The question is, could a small group cheaply produce these nanoparticles and sell them via mail order?
Yeah, you would not catch me doing this. I want to know therapies are safe and effective and have passed appropriate trials before I use them.
I'm pretty happy to see these kind of things popping up. Truth, I've been wanting to look at CRISPR and start playing around myself. Not ON myself per se, however with plants I think I could learn a lot and have a great deal of fun. Always been a bit of a gearhead. We've seen a few results so far in horticulture/agriculture and when I think of gene engineering and plants, I always think of the real life Tomaco.
https://www.wired.com/2003/11/simpsons-plant-seeds-of-invention/
If people want to self experiment with CRISPR, its only going to add to our knowledge base.
Now we may have some people call for bans and there will be some screaming groups out there trying to kill this, but to be honest, they will lose. CRISPR is so easy and cheap, there's going to be a lot of competition to bring products to the market faster.
Very exciting, but dangerous. And intriguing. I hope I can be excused if I let a few hundred others get in line ahead of me. But when the time is right, I'll pay with bitcoin :)
That was a good insight, people avoiding regulators in gene therapies. We've all put up with their obstructionism for decades, but now the internet and decentralized finance is dodging round all the old gatekeepers. I won't mourn their passing, but at the same time everyone's going to need to be extra careful about the medical choices they make. Some of these clinics will dispense miracles, while some will turn out to be worse than useless.
@steve, a prudent approach if you are 40. A 60 year old may have not the time to wait and see such official recognition
@JohnD obviously and I can afford to hold fire.
These people are pioneers for attempting this work.
But they are fools to rub FDA nose in it.
In doing so they paint a big target on their back.
@Steve - this wider access to gene therapies won't just shake up longevity treatment. What if you were unfortunate enough to be a poor sod living in a poor developing country, or the US without insurance, and you got diagnosed with Leukemia and couldn't afford an expensive approved CAR T therapy? Would you be tempted to buy some of this for a couple of grand off an overseas clinic?

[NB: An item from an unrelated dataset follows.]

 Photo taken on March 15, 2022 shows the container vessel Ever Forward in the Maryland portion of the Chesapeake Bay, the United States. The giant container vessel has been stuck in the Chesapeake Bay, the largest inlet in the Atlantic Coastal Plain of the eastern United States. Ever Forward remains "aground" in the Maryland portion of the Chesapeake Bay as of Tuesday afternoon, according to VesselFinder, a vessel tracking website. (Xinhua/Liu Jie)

https://www.fredhutch.org/en/news/center-news/2017/04/nanoparticle-reprogram-t-cells-fight-cancer.html
"Nanoparticles turn immune cells into leukemia-fighting powerhouses while they're still inside the body
In the current study, Stephan and his team developed biodegradable nanoparticles that carry CAR-encoding genes and are tagged with molecules that make them stick like burrs to T cells. Once a T cell engulfs the particles, they hitch a ride along the cell's internal traffic system to the nucleus. In this preliminary study, Stephan and his team designed the new CAR genes to integrate into chromosomes housed in the nucleus, making it possible for T cells to begin decoding the new genes and producing CARs within 24 to 48 hours.

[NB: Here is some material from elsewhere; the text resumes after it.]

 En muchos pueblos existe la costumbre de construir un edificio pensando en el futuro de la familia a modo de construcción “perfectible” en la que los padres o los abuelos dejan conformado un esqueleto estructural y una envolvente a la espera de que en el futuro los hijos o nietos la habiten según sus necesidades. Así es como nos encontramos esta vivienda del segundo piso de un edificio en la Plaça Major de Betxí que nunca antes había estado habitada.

Once the team determined that their CAR-carrying nanoparticles reprogrammed a noticeable percent of T cells, they tested their efficacy. Using a preclinical model of leukemia, Stephan and his colleagues compared their nanoparticle-programming strategy against chemotherapy followed by an infusion of T cells programmed in the lab to express CARs, which mimics current CAR T-cell therapy.
The nanoparticle-programmed CAR T cells held their own against the infused CAR T cells. Treatment with nanoparticles or infused CAR T cells improved survival 58 days on average, up from a median survival of about two weeks. "
That's amazing Jim, I can see this really taking off.